2021年2月のミステリ 戻る

ピエタとトランジ<完全版> 
講談社 285頁 藤野可織著 2020年
あらすじ
帯によると、
「岸本佐知子歓喜!
 これは、私がずっとずっと読みたいと思っていた、最強最高の女子バディ物語。」
親友の名前はトランジで、私はピエタ。人類最後の「名探偵と助手」だ。
感想
好きかと問われれば、あんまり好きやない作品ですが、
数年経ったら本の題名は忘れても「変わった話やったなー」と記憶に残ると思う。
 
ピエタとトランジは探偵事務所をしているけれど、謎は解かない。解いていると言うだけ。
依頼者の願いはかなうけれど「サルの手」のようになるわけで。ミステリではなく、どちらかとゆうとディストピアなSF。

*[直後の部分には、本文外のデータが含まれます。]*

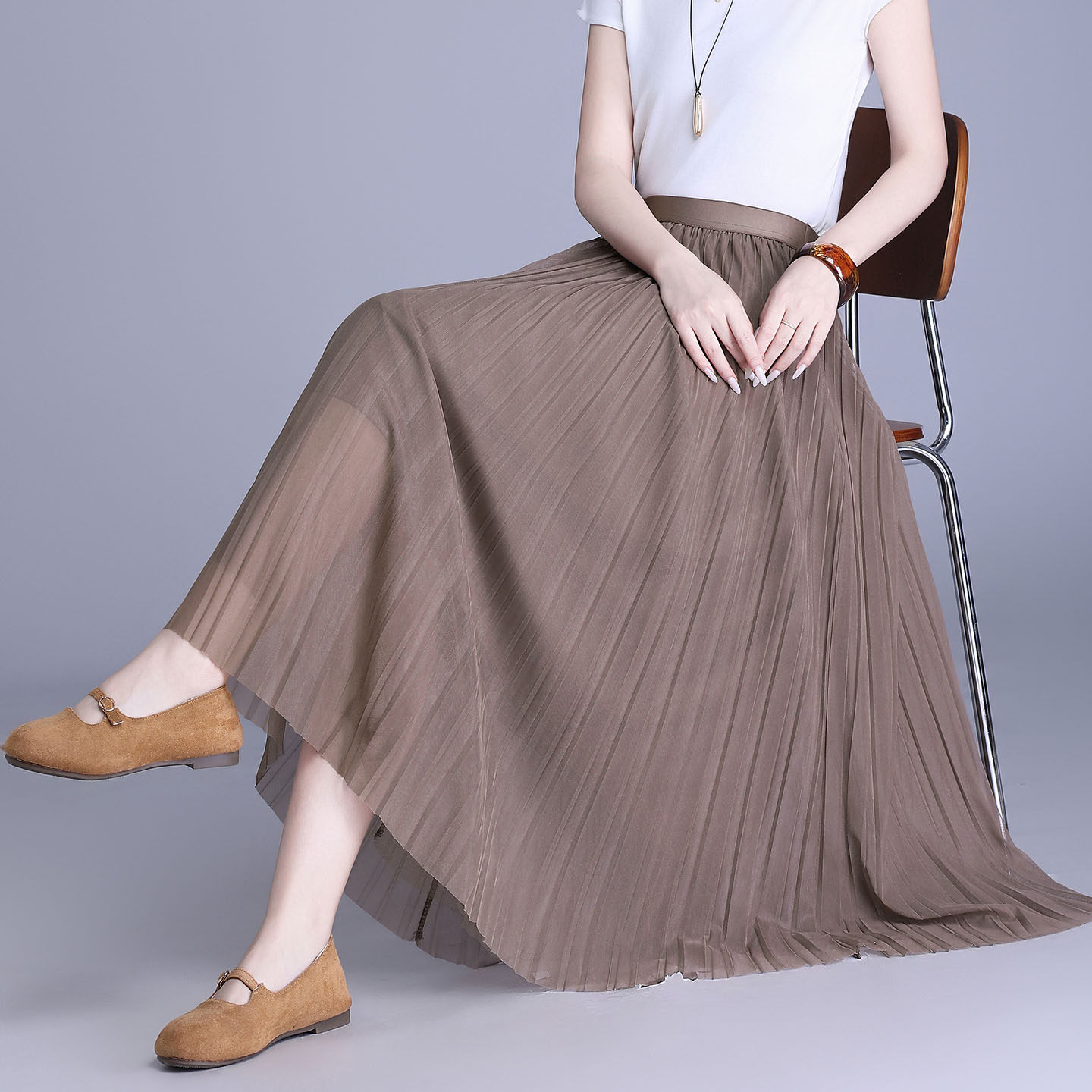 柔软细网纱半身裙女春夏季百褶裙2026新款显瘦中长款裙子大摆伞裙
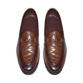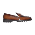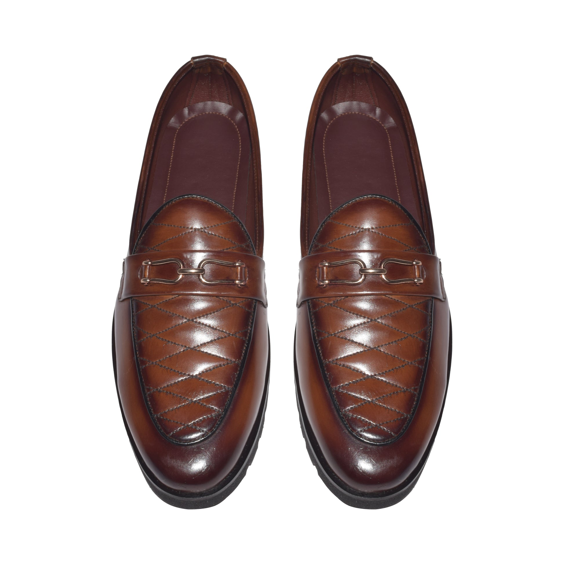 These contemporary tan loafers strike the perfect balance between sophistication and modern edge. Crafted from high-quality polished leather, they feature a sleek design accented by a decorative strap across the vamp with subtle metallic embellishments. The interior showcases quilted stitching for added comfort and a touch of luxury. Set on a durable black lug sole, these loafers provide excellent grip and a bold silhouette, making them ideal for both formal and semi-casual settings. Combining refined craftsmanship with a rugged foundation, they offer effortless style and versatility for the modern wardrobe.

女子バディ物語というと、桜庭一樹の「赤朽葉家の伝説」第二部「巨と虚の時代」の赤朽葉毛毬(あかくちば けまり)と穂積蝶子を思い出す。
破滅的なところが、本作とちょっと似てるかな。
森ちゃんに対するあまりの扱いに、「子供ってうまなあかんの。人類なんて滅亡してまえ〜」とゆーてはんのやないやろかと
思う。
 
作者によるとシャーロック・ホームズを下敷きにしていて、森ちゃんはモリアーティだそうです。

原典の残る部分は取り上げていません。